**Stored data:**

++++++++++++++++++++

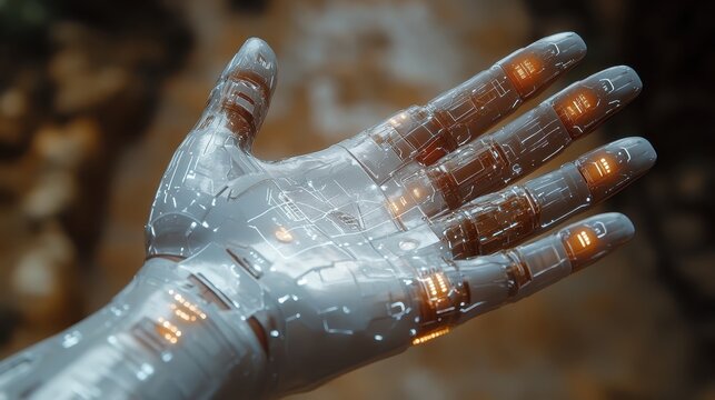 Futuristic robot with articulated fingers, interacting with a digital object in a bright, minimal space. Artificial Intelligence, Futuristic Digital Technology, Metaverse of Digital Intelligent World
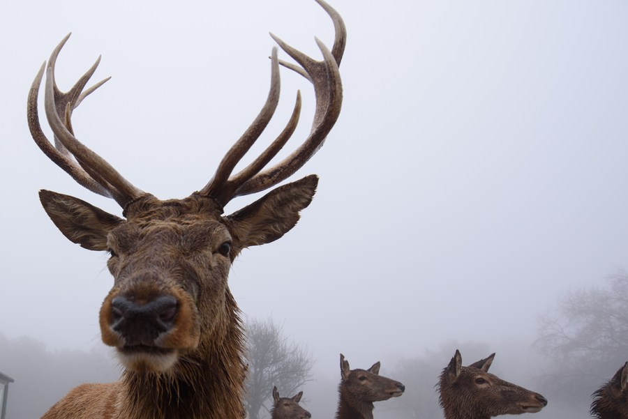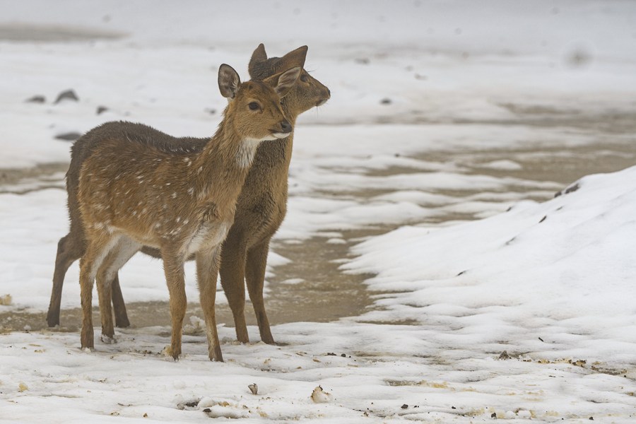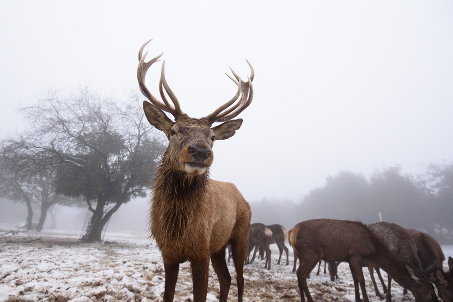 Photo taken on Jan. 19, 2022 shows reindeers at Odem Moshav in the Israel-occupied Golan Heights after a snowstorm. (Ayal Margolin/JINI via Xinhua)
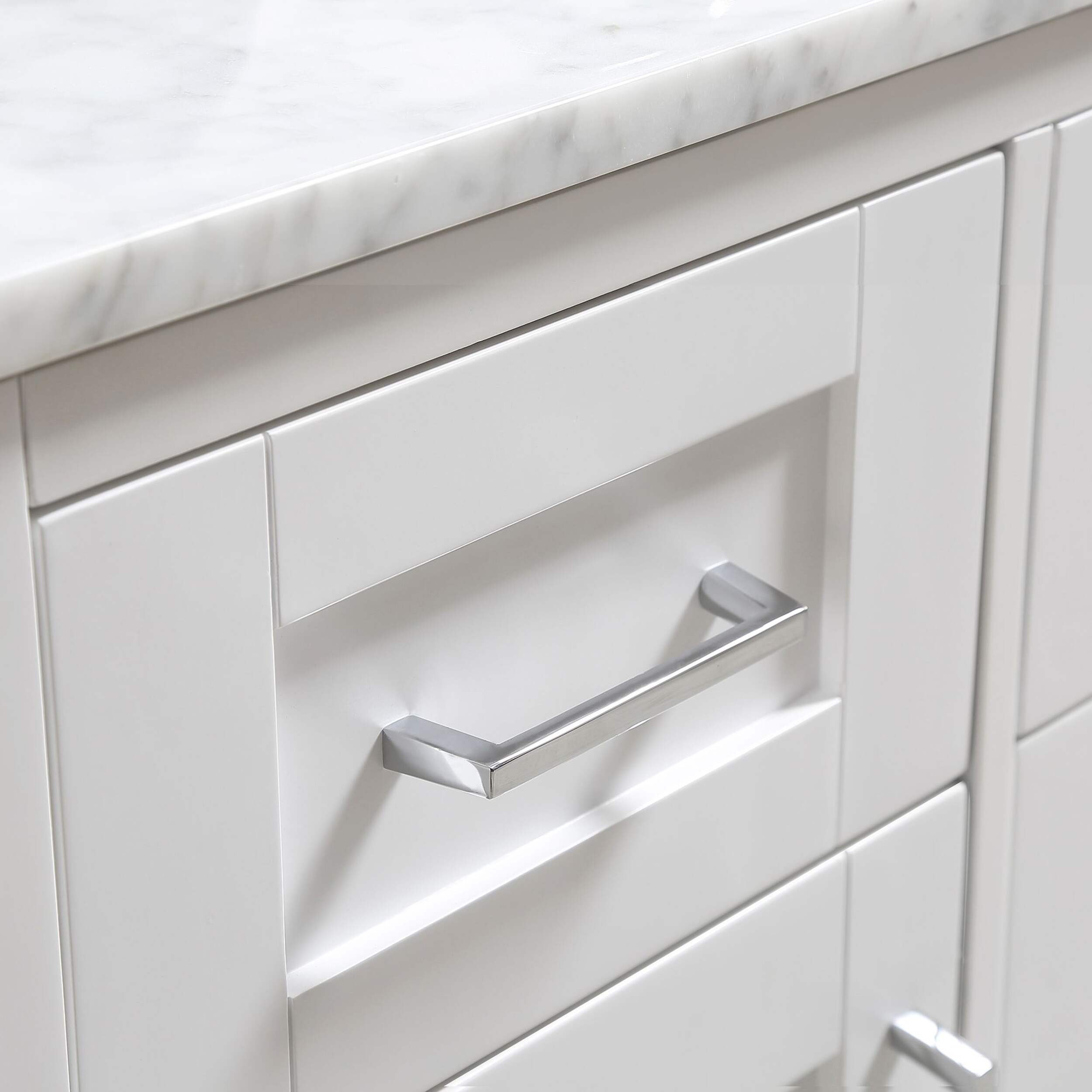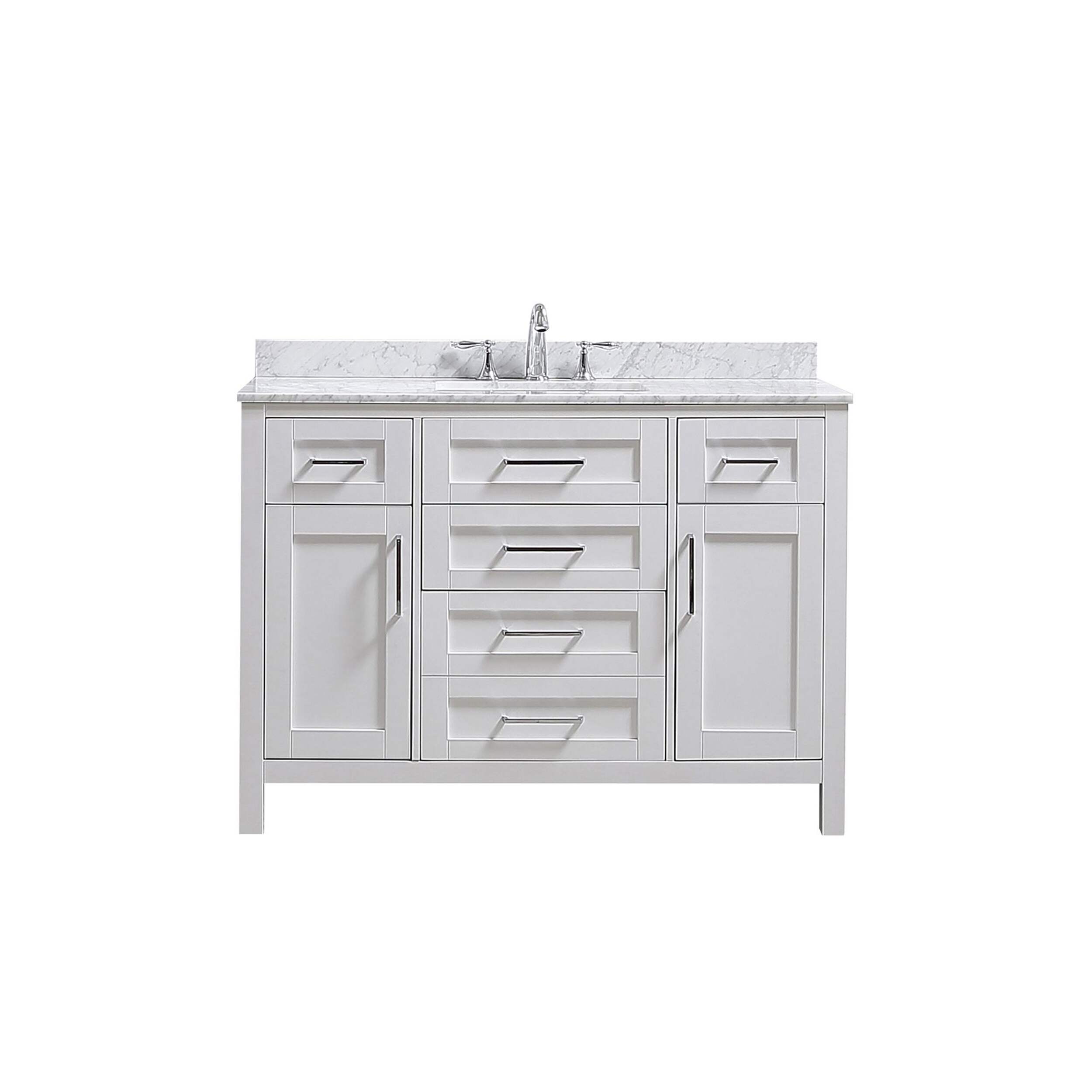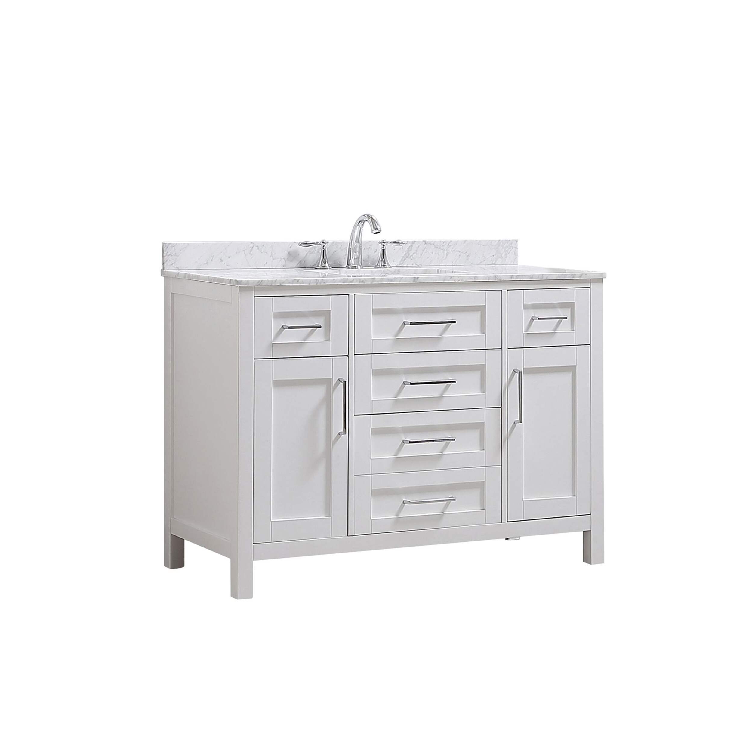 The 48 in. Tahoe vanity is the epitome of sophisticated simplicity. The drawers include integrated organizers and a tilt down front drawer for added convenience. The Tahoe family is offered in pure white and dove grey finishes and includes soft close hinges as well as the clean chrome pulls, ensuring any size a beautiful addition to any bathroom in your home. The Carrara Marble white marble top and a beautiful under mount ceramic sink come pre-attached, making your Tahoe vanity both functional and beautiful.
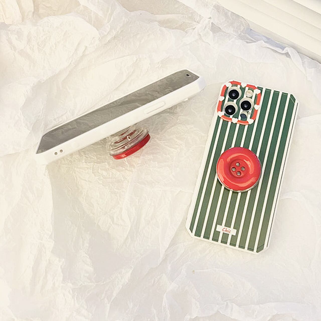 iPhoneケース☆彡 buttonグリップ付ストライプ
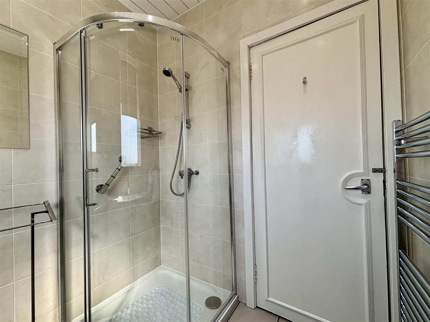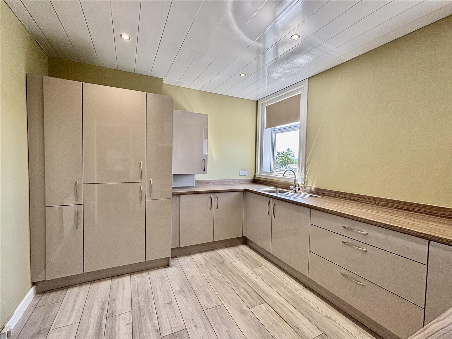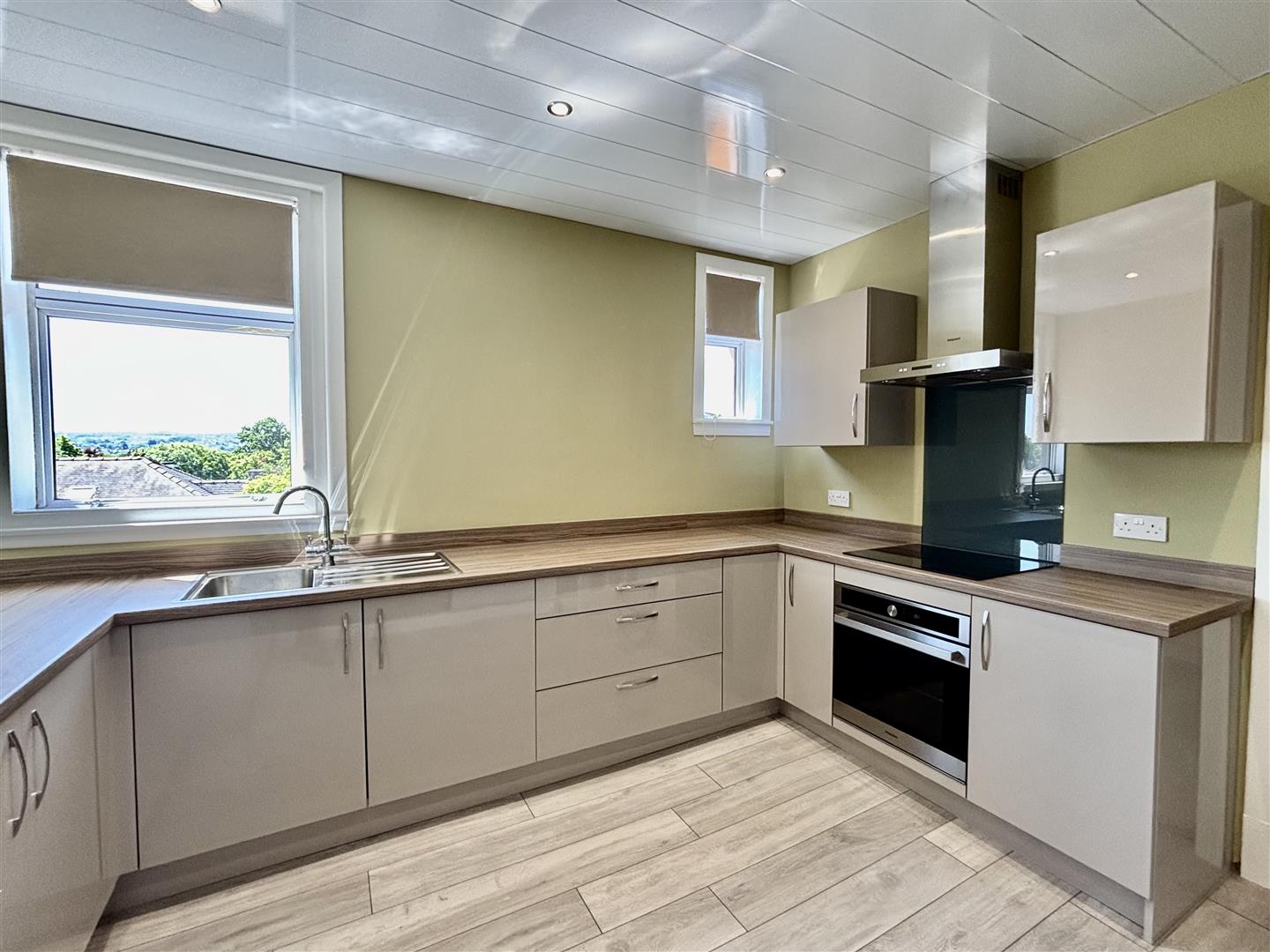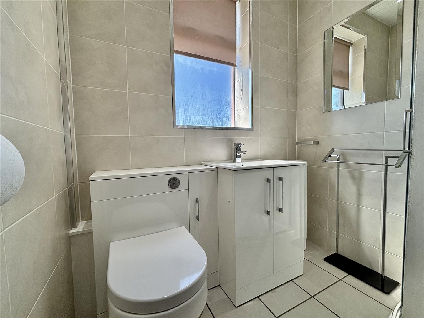 Accessed via a carpeted entrance stairway, the property opens into a spacious and well-appointed lounge featuring a large front-facing bay style window that floods the room with natural light. The contemporary fitted kitchen is both practical and elegant, featuring a comprehensive range of wall and base units that provide excellent storage and workspace. The modern shower room is fully tiled and showcases a sleek, back-to-wall WC/sink combination unit alongside a glass-enclosed shower. The property further benefits from two well-proportioned double bedrooms and a versatile box room, ideal for use as a home office or dressing room.
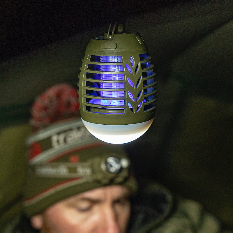 - Great for when those pesky insects are harshing your vibes out on the bank. This handy device zaps unsuspecting insects that sneak into your shelter, and even doubles as a lantern that can be easily hung from your bivvy as a convenient light source.
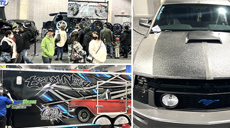 For Team Nutz Ed Nuttall stated “Our booth was filled with demo vehicles, a big selection of wheels, OEM Display, a Marine display, a wide variety of product displays plus live installations of vehicle wraps, bed liner jobs, paint protection polishing, window tinting, leather Katzkin seat installations and DSP audio demos. One of the wrap demos projects was a full wrap of our new 24’ Team Nutz Trailer. With bed liner we are actually coating the bodies of pickups and cars. A Mustang in our booth was an example that drew a lot of attention.”
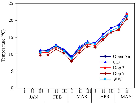 Figure 1 shows the average daily temperatures recorded inside the different greenhouse prototypes and in the open air. In all the treatments, the temperature reached the minimum value in the first week of March and the maximum in mid-May. Specifically, the outdoor temperature ranged between 9.0 °C to 21.1 °C, respectively. The undoped PMMA determined a general increase in temperature (+2 °C on the average of the 12 weeks), while doping treatments with rare earths and whitewashing decreased the thermal level compared to outside (−0.6, −1.2, and −0.4 °C, for Dop3, Dop7, and WW, respectively).
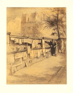 HUYSMANS (Joris-Karl). À Vau-l'eau. Paris, Georges Courville, s.d. [1933]. In-4, maroquin fauve, janséniste, dentelle intérieure, doublure et gardes de moire verte, tête dorée, non rogné, couverture, étui (Nativet). Première édition illustrée, ornée de 19 eaux-fortes et pointes sèches de Edgar Chahine. Tirage à 215 exemplaires, celui-ci nominatif pour l'artiste. Fente restaurée sur le second plat de la couverture.

++++++++++++++++++++

**Task statement:** Would you copy, exactly, each line from the start of the listing above through the line with "Photo taken on", both ends included, but none of the pictures?

**Answer box:**
 Futuristic robot with articulated fingers, interacting with a digital object in a bright, minimal space. Artificial Intelligence, Futuristic Digital Technology, Metaverse of Digital Intelligent World
 Photo taken on Jan. 19, 2022 shows reindeers at Odem Moshav in the Israel-occupied Golan Heights after a snowstorm. (Ayal Margolin/JINI via Xinhua)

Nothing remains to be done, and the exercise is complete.